14 Ga. App. 754 | Ga. Ct. App. | 1914

Russell, C. J.

This was .a suit for the purchase-price of 2,411 melons at 4 cents each. The defendant claimed that the melons were too green to eat when they reached him at Atlanta. They were condemned by an inspector for the board of health of the City of Atlanta. Nevertheless, the jury found a verdict requiring the defendant to pay for the melons, and the judge of the city court refused him a new trial. The defendant’s motion for a new trial *755is based only upon the general grounds; for the two grounds of the amended motion present only by way of amplified specification, the complaint that the verdict is contrary to the evidence. We quote them: “4th. Because the preponderance of the evidence for plaintiff, J. T. Hancock, in the trial of the ease, is not sufficient to incline a reasonable and impartial mind to the side of the plaintiff, J. T. Hancock, rather than to that of the movant. 5th. Because the evidence adduced for plaintiff, J. T. Hancock, is not sufficiently explicit, nor of sufficient weight, to sustain his suit as against the undisputed evidence for the plaintiff [defendant?], to authorize the finding of a verdict for J. T. Hancock.”

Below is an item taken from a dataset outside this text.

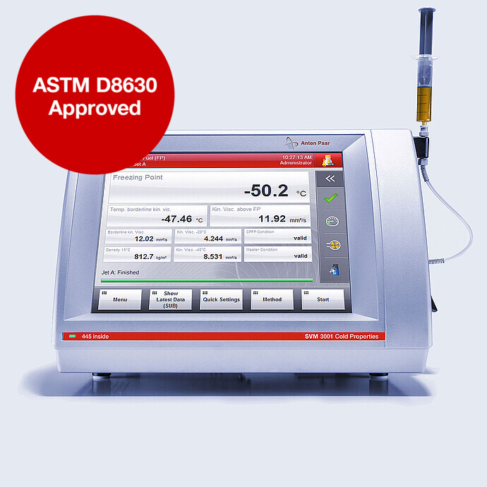 | Vizsgálati módszerek | ASTM D7042, D445 bias-corrected, ISO 23581, ASTM D4052 (opcionális) | ASTM D7042, D445 torzítás-korrigált, ISO 23581, ASTM D4052, ISO 12185 | ASTM D7042, D445 torzításkorrigált, ISO 23581, ASTM D4052, ISO 12185 AASTM D8630, ASTM D2500-zal egyenértékű vagy jobb | ASTM D7042, D445 torzítás-korrigált, ISO 23581, ASTM D4052, ISO 12185 |

There was ample evidence, if the plaintiff and the witnesses who testified in his behalf were credible, to authorize the jury to find that the melons were “ripe and all right,” and that the plaintiff was entitled to recover. But the point is made that the defendant is relieved from paying, because an inspector of the City of Atlanta passed an order condemning the melons as being unfit to. eat; and it is insisted that this “judgment” is conclusive as to the fact that the melons were not up to specifications. If the order of inspector Wasser can be considered as evidence in any sense, its weight must be subjected to the same acid test as that to which all other testimony in the case is subject, — the impartial judgment of the jury. In his order the inspector commanded the defendant to send out of the city as garbage the car of watermelons in question, upon the ground that they were “decayed, or stale;” and we apprehend it was for this reason, rather than because the jury were not duly impressed with the official authority of the inspector, that the finding was in favor of the plaintiff. The defendant contended that the melons were too greeny the plaintiff and all his witnesses swore that they were ripe, and their testimony was corroborated somewhat by the statement of the officer, who condemned them not because they were too green, but because they were overripe or “stale.”

Judgment affirmed.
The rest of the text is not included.